ASSIGNED TASK
For the material below, reproduce exactly each line from the one that has "Collar Triple Luna" through the one that has "苑东生物2023年三季报显示", and no others; pictures stay out.

DATA SECTION
►
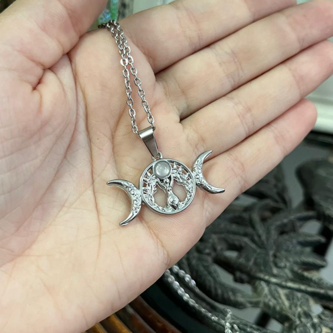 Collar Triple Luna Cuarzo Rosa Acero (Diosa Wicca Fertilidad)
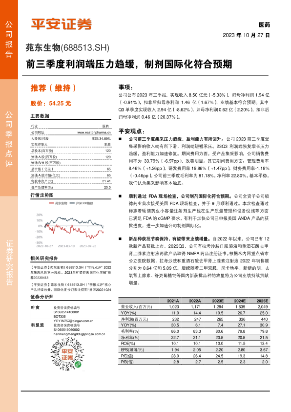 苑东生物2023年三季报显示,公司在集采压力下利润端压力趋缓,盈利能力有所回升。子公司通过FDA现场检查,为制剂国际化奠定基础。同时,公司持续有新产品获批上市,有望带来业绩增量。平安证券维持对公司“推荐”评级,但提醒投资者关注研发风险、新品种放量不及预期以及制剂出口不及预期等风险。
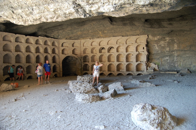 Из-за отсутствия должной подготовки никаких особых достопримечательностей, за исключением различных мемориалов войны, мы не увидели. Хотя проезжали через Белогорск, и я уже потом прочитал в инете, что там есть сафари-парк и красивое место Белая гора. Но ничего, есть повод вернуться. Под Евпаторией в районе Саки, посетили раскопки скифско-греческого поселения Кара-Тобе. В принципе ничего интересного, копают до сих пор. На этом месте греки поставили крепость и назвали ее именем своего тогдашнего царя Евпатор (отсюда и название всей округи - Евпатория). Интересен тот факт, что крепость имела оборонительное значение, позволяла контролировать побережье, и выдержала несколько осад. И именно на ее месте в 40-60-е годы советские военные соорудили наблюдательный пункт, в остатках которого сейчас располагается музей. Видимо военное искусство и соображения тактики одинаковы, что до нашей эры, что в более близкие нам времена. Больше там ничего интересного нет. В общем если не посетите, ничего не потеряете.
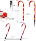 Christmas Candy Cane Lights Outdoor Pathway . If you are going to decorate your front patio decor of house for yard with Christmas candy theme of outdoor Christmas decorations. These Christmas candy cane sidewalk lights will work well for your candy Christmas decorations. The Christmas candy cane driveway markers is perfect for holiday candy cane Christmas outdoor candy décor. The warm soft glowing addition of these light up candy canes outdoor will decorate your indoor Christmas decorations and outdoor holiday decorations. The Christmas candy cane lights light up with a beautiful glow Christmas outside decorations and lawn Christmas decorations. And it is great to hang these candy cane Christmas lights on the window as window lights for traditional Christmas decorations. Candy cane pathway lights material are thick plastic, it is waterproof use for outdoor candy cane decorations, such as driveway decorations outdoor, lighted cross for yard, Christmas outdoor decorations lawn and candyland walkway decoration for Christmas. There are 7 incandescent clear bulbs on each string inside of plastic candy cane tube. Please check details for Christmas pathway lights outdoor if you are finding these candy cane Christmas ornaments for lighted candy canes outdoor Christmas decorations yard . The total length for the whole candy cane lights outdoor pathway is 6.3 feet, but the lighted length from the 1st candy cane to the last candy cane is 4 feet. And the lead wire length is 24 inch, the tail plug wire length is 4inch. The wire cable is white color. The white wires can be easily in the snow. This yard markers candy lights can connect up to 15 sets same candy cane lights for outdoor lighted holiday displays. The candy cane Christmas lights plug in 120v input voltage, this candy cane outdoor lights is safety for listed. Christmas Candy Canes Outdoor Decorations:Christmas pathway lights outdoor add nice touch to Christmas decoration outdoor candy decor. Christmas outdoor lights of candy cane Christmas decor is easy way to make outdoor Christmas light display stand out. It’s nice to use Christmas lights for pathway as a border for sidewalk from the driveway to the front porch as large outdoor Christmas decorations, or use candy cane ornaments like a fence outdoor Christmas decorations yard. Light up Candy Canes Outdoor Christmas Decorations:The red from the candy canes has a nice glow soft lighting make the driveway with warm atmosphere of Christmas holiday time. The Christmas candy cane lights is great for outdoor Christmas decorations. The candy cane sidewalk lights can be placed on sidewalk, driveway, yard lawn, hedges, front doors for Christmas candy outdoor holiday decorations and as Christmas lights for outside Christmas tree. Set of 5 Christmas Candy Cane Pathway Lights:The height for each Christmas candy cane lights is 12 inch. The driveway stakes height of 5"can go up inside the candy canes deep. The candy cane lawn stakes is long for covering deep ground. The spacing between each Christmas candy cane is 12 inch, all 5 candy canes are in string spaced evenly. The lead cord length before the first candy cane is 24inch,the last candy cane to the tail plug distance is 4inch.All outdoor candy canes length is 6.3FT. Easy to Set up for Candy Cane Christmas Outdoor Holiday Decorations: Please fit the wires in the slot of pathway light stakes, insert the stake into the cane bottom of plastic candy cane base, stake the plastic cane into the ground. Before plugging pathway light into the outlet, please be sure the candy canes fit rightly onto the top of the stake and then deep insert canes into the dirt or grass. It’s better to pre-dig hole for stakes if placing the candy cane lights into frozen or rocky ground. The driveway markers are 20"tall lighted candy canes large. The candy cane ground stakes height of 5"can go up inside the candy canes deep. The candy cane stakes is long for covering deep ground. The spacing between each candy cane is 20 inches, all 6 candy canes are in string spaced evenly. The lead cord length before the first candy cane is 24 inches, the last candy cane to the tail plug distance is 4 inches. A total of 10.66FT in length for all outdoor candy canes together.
◄
►
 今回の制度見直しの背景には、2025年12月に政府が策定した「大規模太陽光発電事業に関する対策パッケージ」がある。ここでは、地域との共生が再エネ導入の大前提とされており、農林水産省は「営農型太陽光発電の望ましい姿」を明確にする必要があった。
◄
TASK SOLUTION
 Collar Triple Luna Cuarzo Rosa Acero (Diosa Wicca Fertilidad)
 苑东生物2023年三季报显示,公司在集采压力下利润端压力趋缓,盈利能力有所回升。子公司通过FDA现场检查,为制剂国际化奠定基础。同时,公司持续有新产品获批上市,有望带来业绩增量。平安证券维持对公司“推荐”评级,但提醒投资者关注研发风险、新品种放量不及预期以及制剂出口不及预期等风险。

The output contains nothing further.